Search code examples
performancehaskellfunctional-programmingbytestring

Increasing performance in file manipulation


I have a file which contains a matrix of numbers as following:

0 10 24 10 13 4 101 ...
6 0 52 10 4 5 0 4 ...
3 4 0 86 29 20 77 294 ...
4 1 1 0 78 100 83 199 ...
5 4 9 10 0 58 8 19 ...
6 58 60 13 68 0 148 41 ...
. .
.   .
.     .

What I am trying to do is sum each row and output the sum of each row to a new file (with the sum of each row on a new line).

I have tried doing it in Haskell using ByteStrings, but the performance is 3 times a slow as the python implementation.

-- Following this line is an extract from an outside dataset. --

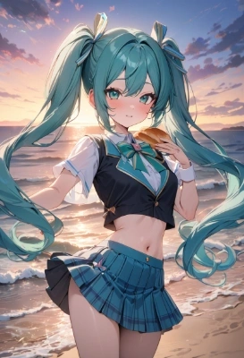 masterpiece, best quality, extremely detailed, anime, girl, skirt,1girl, hatsune miku, vocaloid, masterpiece, best quality, rating: general, newest,mini skirt,twintail,longhair,blue hair,green hair,green eyes,fantasy,colorful,beach,sea,beach at ,sunset,schoolgirl,idol,stripes,park

Here is the Haskell implementation:

import qualified Data.ByteString.Char8 as B

-- This function is for summing a row
sumrows r = foldr (\x y -> (maybe 0 (*1) $ fst <$> (B.readInt x)) + y) 0 (B.split ' ' r)

-- This function is for mapping the sumrows function to each line
sumfile f = map (\x -> (show x) ++ "\n") (map sumrows (B.split '\n' f)) 

main = do
  contents <- B.readFile "telematrix"
  -- I get the sum of each line, and then pack up all the results so that it can be written
  B.writeFile "teleDensity" $ (B.pack . unwords) (sumfile contents)
  print "complete"

This takes about 14 seconds for a 25 MB file.

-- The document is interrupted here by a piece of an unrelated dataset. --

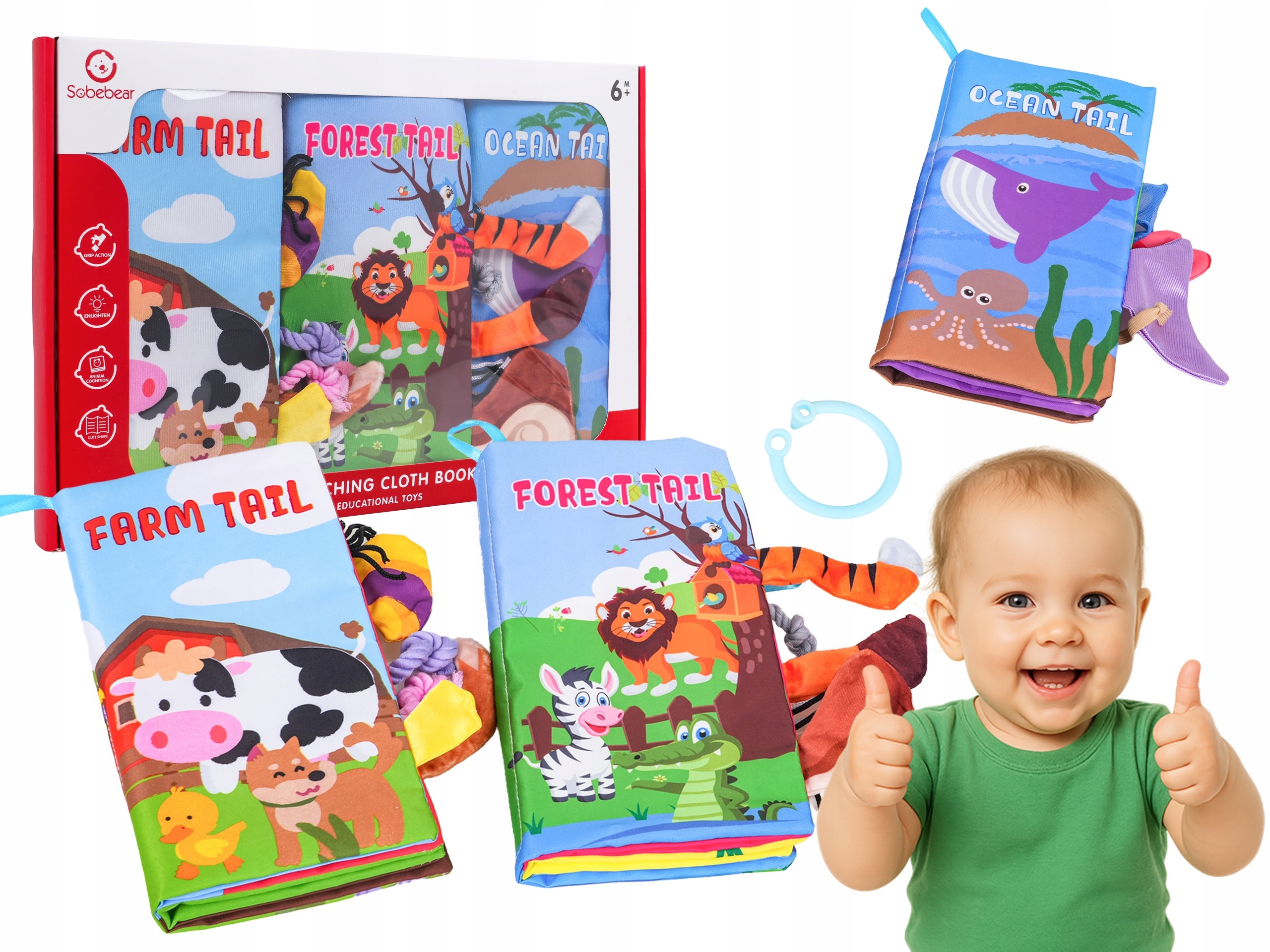• ✅ 3 мягкие книжки с хвостами животных,

Here is the python implemenation

fd = open("telematrix", "r")
nfd = open("teleDensity", "w")

for line in fd: 
  nfd.write(str(sum(map(int, line.split(" ")))) + "\n")

fd.close()
nfd.close()

This takes about 5 seconds for the same 25 MB file.

Any suggestions on how to increase the Haskell implementation?


Solution

  • The main reason for the poor performance was because I was using runhaskell instead of first compiling and then running the program. So I switched from:

    runhaskell program.hs
    

    to

    ghc program.hs
    
    ./program